On 29 September 2005 she was again placed under house arrest; an official told her that this would continue until the end of the fifth plenary session of the 16th Central Committee of the Chinese Communist Party on 11 October 2005. The following day, three police officers and seven Yangpu District Official Guards were stationed in front of her house. She was warned that she would be detained or face violent treatment if she tried to break out.

==Imprisonment (2006–2007)==
In early 2006, Mao Hengfeng was detained in a roundup of petitioners before the anniversary of the 1989 Tiananmen Square protests and massacre and placed under residential surveillance. She was then charged with "violating the terms of residential surveillance," and placed her under "soft detention" in a small guesthouse room with six other men and women in Yangpu District, Shanghai. While under detention, Mao broke two table lamps in the guesthouse and was for that reason formally arrested on 30 June 2006 for "intentional destruction of property." She was sentenced to two-and-a-half years in prison on 12 January 2007 and imprisoned at Shanghai Women's Prison.
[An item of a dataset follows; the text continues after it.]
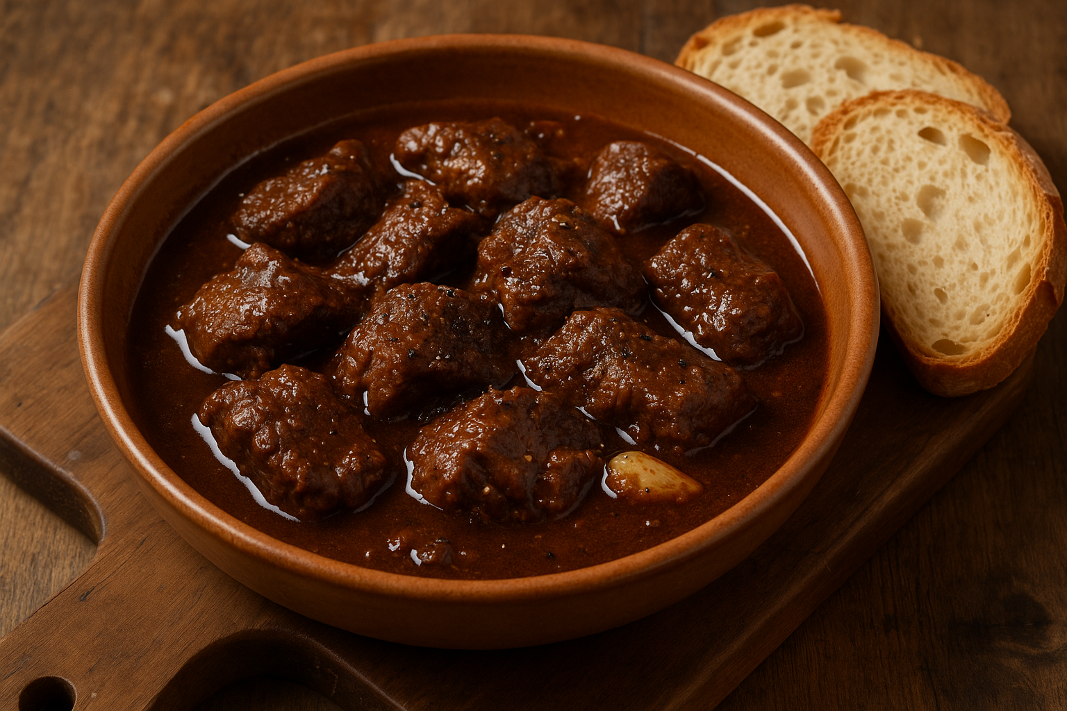 “Si pongano pezzi di manzo in pignatta con assai pepe nero, spicchi d’aglio e vino rosso di Chianti. Si lasci cuocere a foco lento per molte ore, sinché la carne sia tenera e il sugo ristretto.”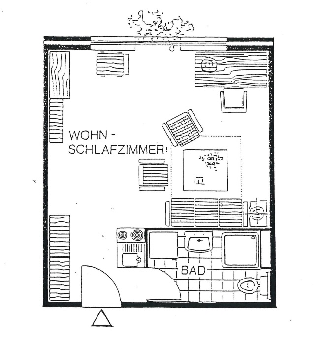Der Wohn- und Schlafbereich verfügt über eine integrierte Pantryküche, ergänzt durch ein separates Duschbad.

Mao and her husband, Wu Xuewei, filed an appeal against Mao's sentence. At the appeal hearing on 16 April 2007, the judge at Shanghai Municipal No. 2 Intermediate People's Court merely read a statement reaffirming Mao's sentence, allowing no evidence to be presented by Xu or Mao's lawyer. Mao was tormented and tortured by prisoners and staff alike while in prison. In addition to her regular abuse, she was placed under solitary confinement for 70 days, a violation of China's Prison Law, which allows a maximum of 15 days in solitary confinement. She was finally released on 29 November 2008, at the scheduled end of her sentence.

==Protest for Liu Xiaobo, and imprisonment (2009–2011)==
On 25 December 2009, she was found guilty of "disturbing public order" due to her peaceful protest outside the Beijing municipal intermediate court, where she was campaigning in support of the human rights activist Liu Xiaobo. She was sent back to the RTL camp on 4 March 2010. There she was tortured and ill-treated. Abuses include force-feeding, blocking her access to food from her family and ordering other inmates to repeatedly beat her. Due to her protests about human rights in the RTL camp, on 9 September 2010, she was tied up for four days in the same position, without food or water. This was repeated on 29 September.

She was released on 22 February 2011. A CT scan showed that the ill-treatment had caused her to have bleeding in her brain. She was very quickly taken again, and is now believed to be in Shanghai City Prison Hospital, where she was previously tortured and ill-treated.

Recently, on 28 July 2011, Mao Hengfeng has been released again to her family in an unconscious state. Members of the police force are still currently keeping Mao Hengfeng under surveillance.

==Amnesty Campaign 2011==

Amnesty International have issued an Urgent Action, calling for her immediate release, an investigation into the abuse, and provision of independent medical assistance and assessment.